Lieberman contrasts this "primitive" Iraq with the "modern" self-governance that the "great American military has given them."

If this strikes a familiar note with students of history, it should. In earlier iterations, the notion that the West had an obligation to drag their primitive charges into the present was embedded in the "civilizing missions" undertaken by the French and British in India and Africa, it was in the White Man's Burden invoked by Kipling and the "Hamitic Myth" favored by German intellectuals to justify its colonial possessions.

Even the Portuguese, the poorest, least educated, least powerful of the European colonial powers cooked up an ideology known as "Lusotropicalism" to justify keeping its African possessions into the 1970s.

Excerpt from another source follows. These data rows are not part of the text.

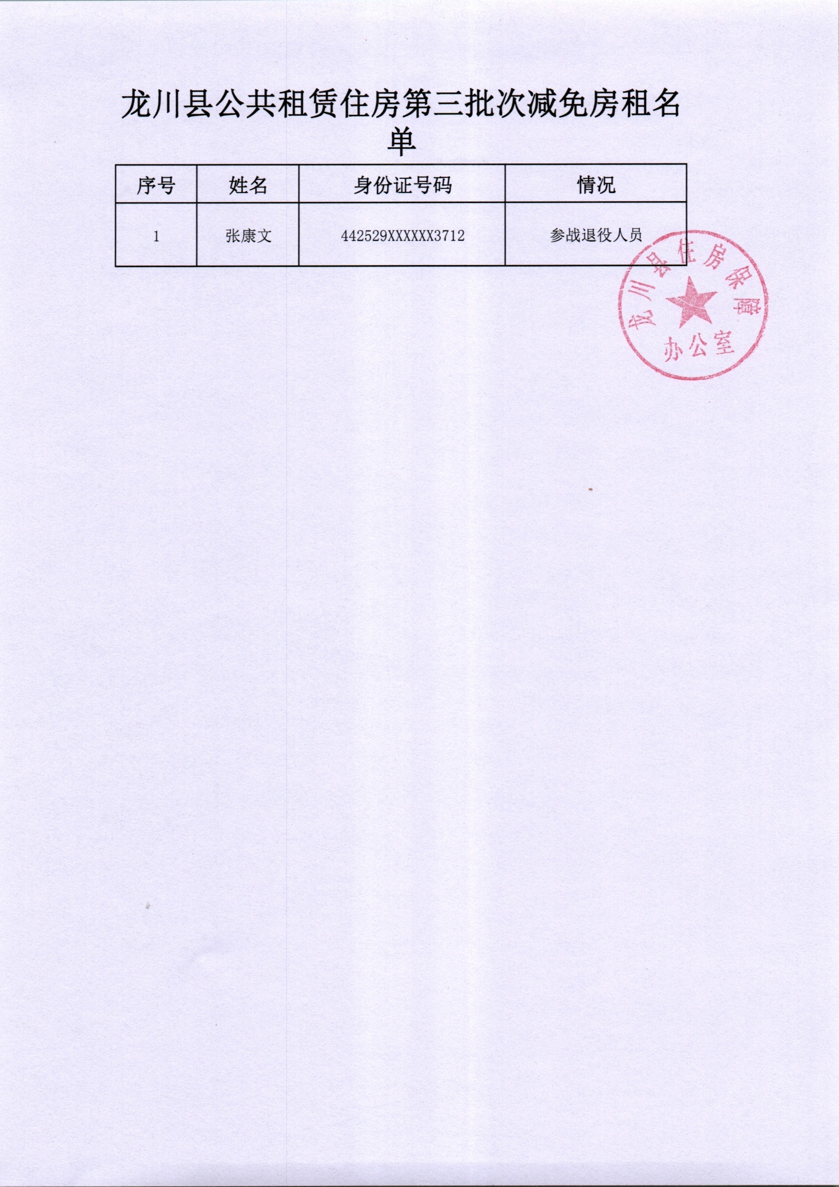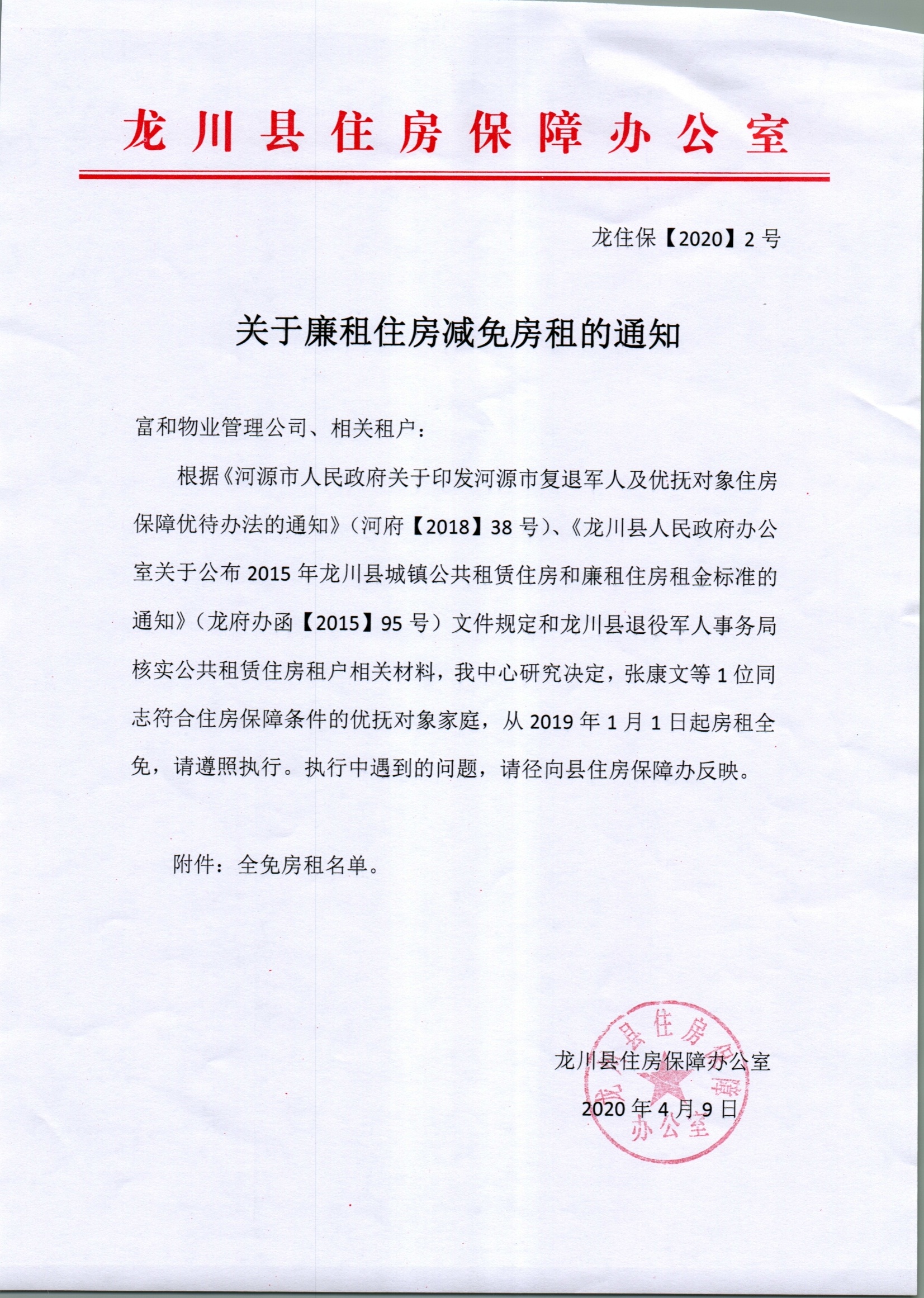 根據(jù)《河源市人民政府關(guān)于印發(fā)河源市復(fù)退軍人及優(yōu)撫對象住房保障優(yōu)待辦法的通知》(河府【2018】38號(hào))、《龍川縣人民政府辦公室關(guān)于公布2015年龍川縣城鎮(zhèn)公共租賃住房和廉租住房租金標(biāo)準(zhǔn)的通知》(龍府辦函【2015】95號(hào))文件規(guī)定和龍川縣退役軍人事務(wù)局核實(shí)公共租賃住房租戶相關(guān)材料,我中心研究決定,張康文等1位同志符合住房保障條件的優(yōu)撫對象家庭,從2019年1月1日起房租全免,請遵照執(zhí)行。執(zhí)行中遇到的問題,請徑向縣住房保障辦反映。
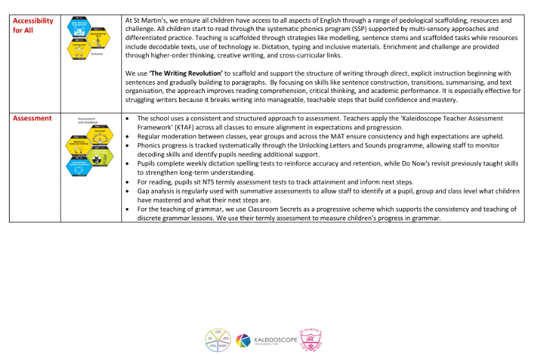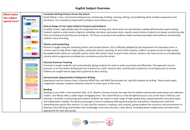 Our aim is to ensure that every child becomes a reader, a writer and a confident speaker by the time they leave St Martin’s. We aim to broaden pupils’ exposure to high-level vocabulary, allowing them to apply their understanding of language and grammatical features across the English curriculum.
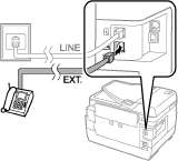 При совместном использовании на отдельной телефонной линии телефона и устройства телефон следует подключить к порту устройства EXT. В противном случае телефон и устройство могут не работать надлежащим образом.

All of these ideologies shared two things in common: the idea that the people they were subjugating were primitive -- the "natives" were frequently portrayed as children in contemporary art of the times - and the claim that what may have seemed like exploitation backed by the gun, was in fact a wholly beneficent attempt to bring the poor, brown people in question a taste of "modernity."

In 1839, six years before he coined the term "Manifest Destiny" in calling for the U.S. to annex Mexican Texas, well-known columnist John L. O'Sullivan wrote that America had been chosen for the "blessed mission" of subjugating those who "endure an existence scarcely more enviable than that of beasts," because only America "is destined to be the great nation of futurity."

We can call the modern iteration in Iraq, as expressed by Lieberman (and many others), simply "American exceptionalism."

Atwa

Believing in our unique ability to "modernize" and "democratize" Iraq has a clear danger: it precludes our strategic elites from considering the idea that the country might best be served by letting Iraqis try to hammer out a home-grown solution to what has become an enormous mess.

A few weeks ago I caught up with Rep. Jim McDermott (D-WA), one of Congress' most outspoken opponents of the Iraq invasion. His predictions about the consequences of our Iraq policy have, unfortunately, been proven correct at every turn.

McDermott's analysis of the situation on the ground in Iraq is as far from the apocalyptic "clash of civilizations" tripe peddled by the Liebermans of the world as one can get. He asked me, "Why don't we ever assume that the Iraqis love their families and prefer to live in Peace? Why do we assume they just want to kill each other?"

I asked him what he would do to extricate the United States from Iraq. He didn't hesitate before responding: "I'd encourage the Iraqis to convene an atwa."